DataViz in R | 02. Bar Chart Multiple Responses
Published on Apr 22, 2023
ggplot

The second bar chart with multiple response, type 1 simple

DataViz in R | 02. Bar Chart Multiple Responses

Tiếp tục với series, bài thứ 2: Bar chart for multiple response questions.

Target result

www.datavisualisation-r.com/pdf/barcharts_multiple.pdf

The study has been conducted since the early 1980s and is repeated every 9 years. Aside from a series of questions concerning value orientation, socio-economic data are also collected. On the topic of “It is often said that attitudes towards gender roles are changing”, the respondents were presented with a series of statements. They could respond to each statement with “Agree strongly”, “Agree”, “Disagree”, “Disagree strongly” and “Don’t know”. The look of the figure almost matches the previous example. However, there are a few differences.

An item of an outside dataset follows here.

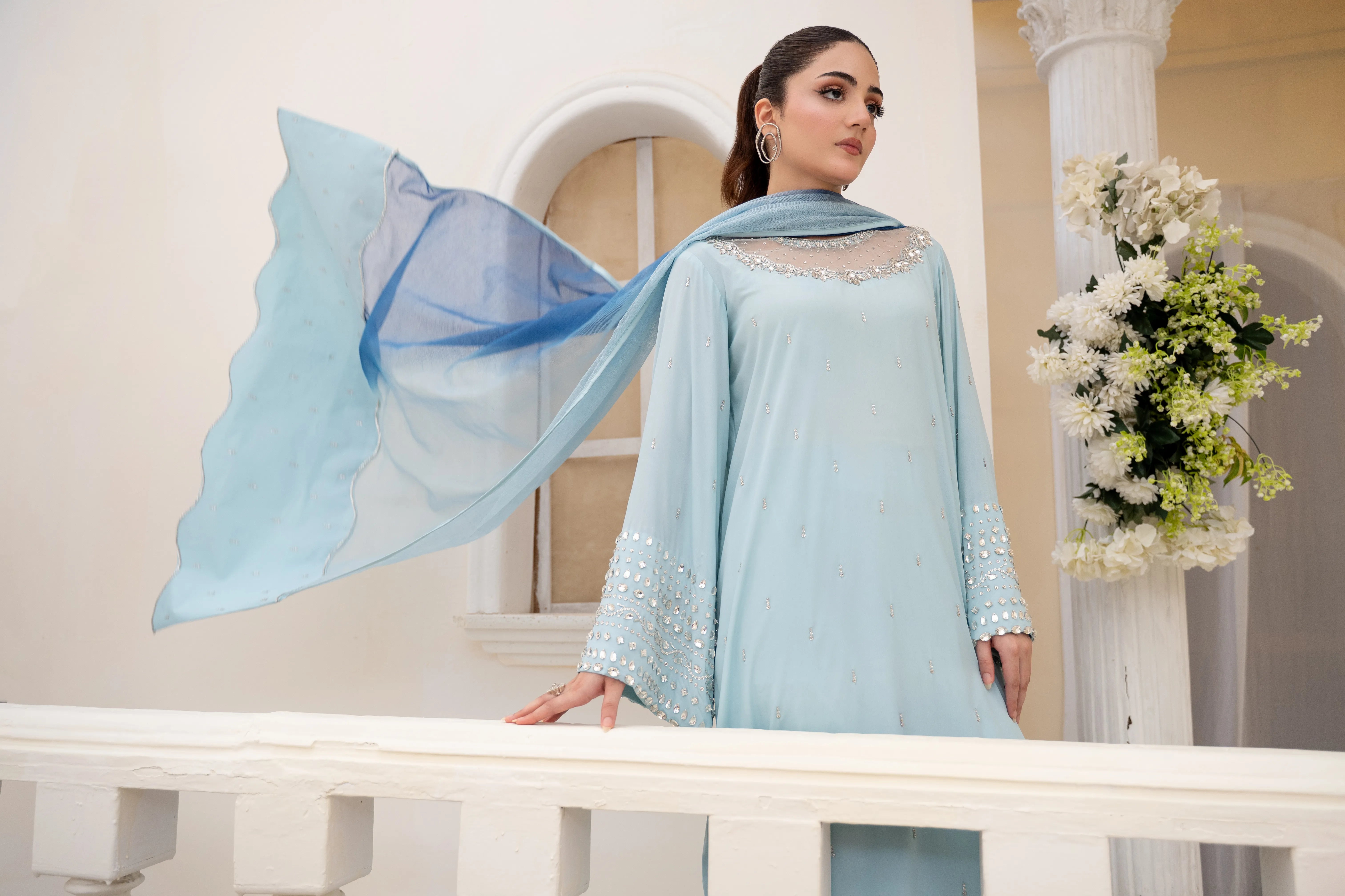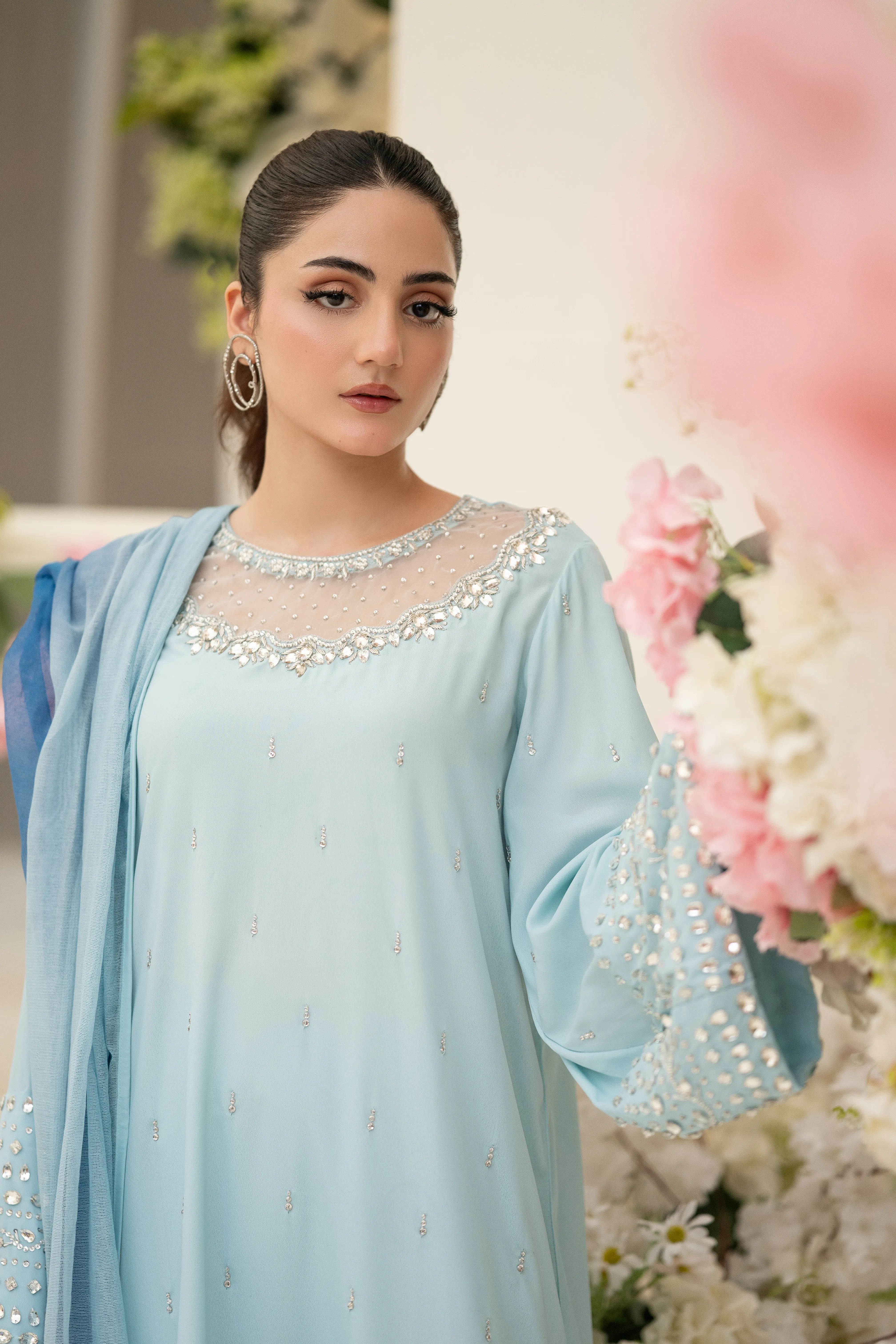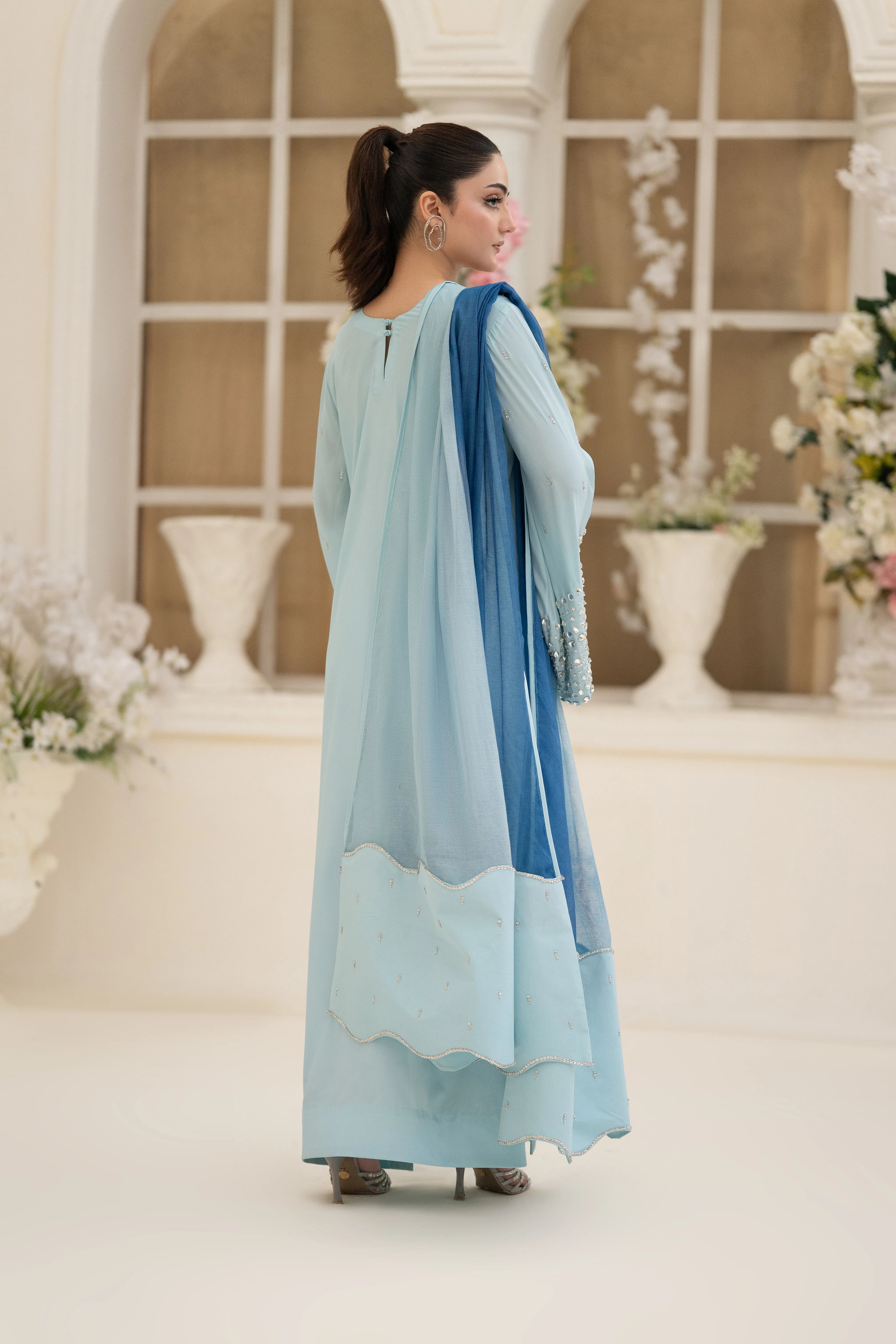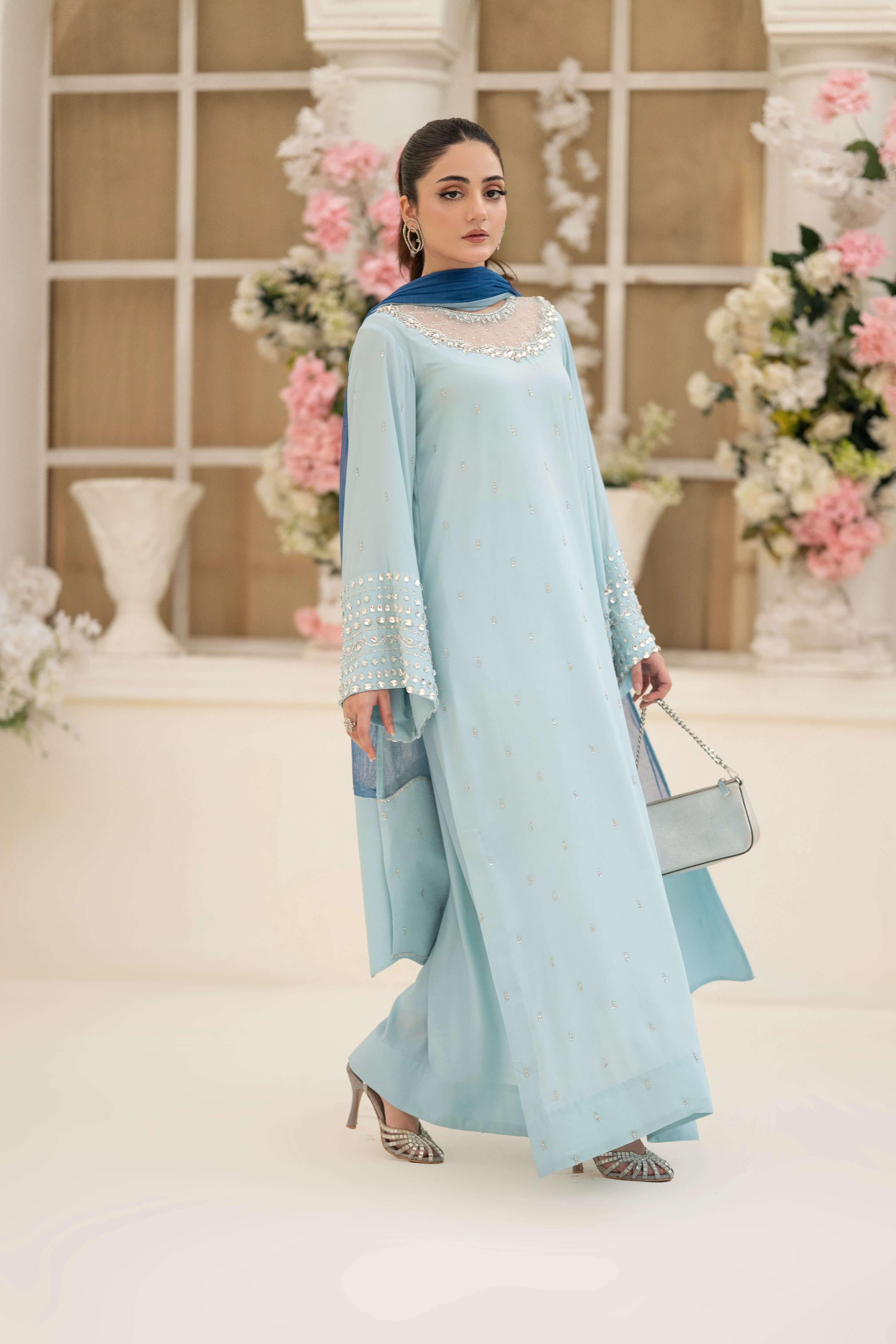 Minha - Eid Festive: A Baby Blue crepe silk long kaftan shirt with round neck feature cutwork zardozi, pearl, sequins and Swarovski hand embroidery. Kurta sleeves embellished with hand embroidery. Paired with matching crepe silk straight pant. Tie and dye Khaddi net dupatta finished with hand embroidered fabric. This versatile piece is effortlessly adaptable for any occasion.

  • The first difference lies in the data: while before the diagram was defined by the individual attributes of a variable, here several variables are combined: each bar shows a variable’s value. Such a group of questions on one topic usually means longer labels for the bars, since one wants to show individual statements.
  • The message of the thematic cluster acts perfectly as the title, while the subtitle shows the selections that were chosen from the answers. In the current example, these are the percent values of the first two categories “agree strongly” and “agree”. Aside from the repetition of the complete statements that the respondents agreed to, given the extensive labels, it is in this case also useful to write the percent value in the bars. As in the previous examples, the bars are also again complemented by alternating blue areas. For illustration purposes, one question is once more especially highlighted.

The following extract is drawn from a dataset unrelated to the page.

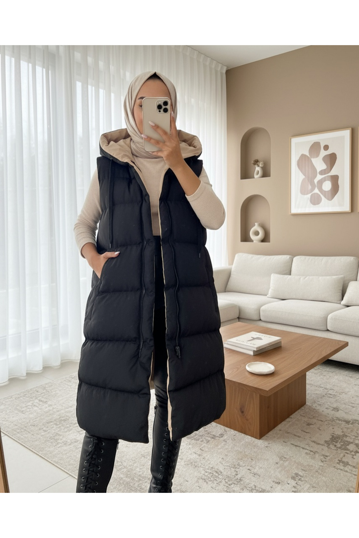 Modamorfo Kapşonlu Çift Taraflı Şişme Yelek -Siyah

Datasource: ZA4753: European Values Study 2008: Germany (EVS 2008) See http://dx.doi.org/10.4232/1.10151

library(ggplot2)
library(viridis)
library(dplyr)
theme_set(theme_minimal())

Load data

Data source comes from this link. Unfortunately, the data for this study are not directly downloadable, we need make a request via email. So basically I started feeling some disadvantage of this book.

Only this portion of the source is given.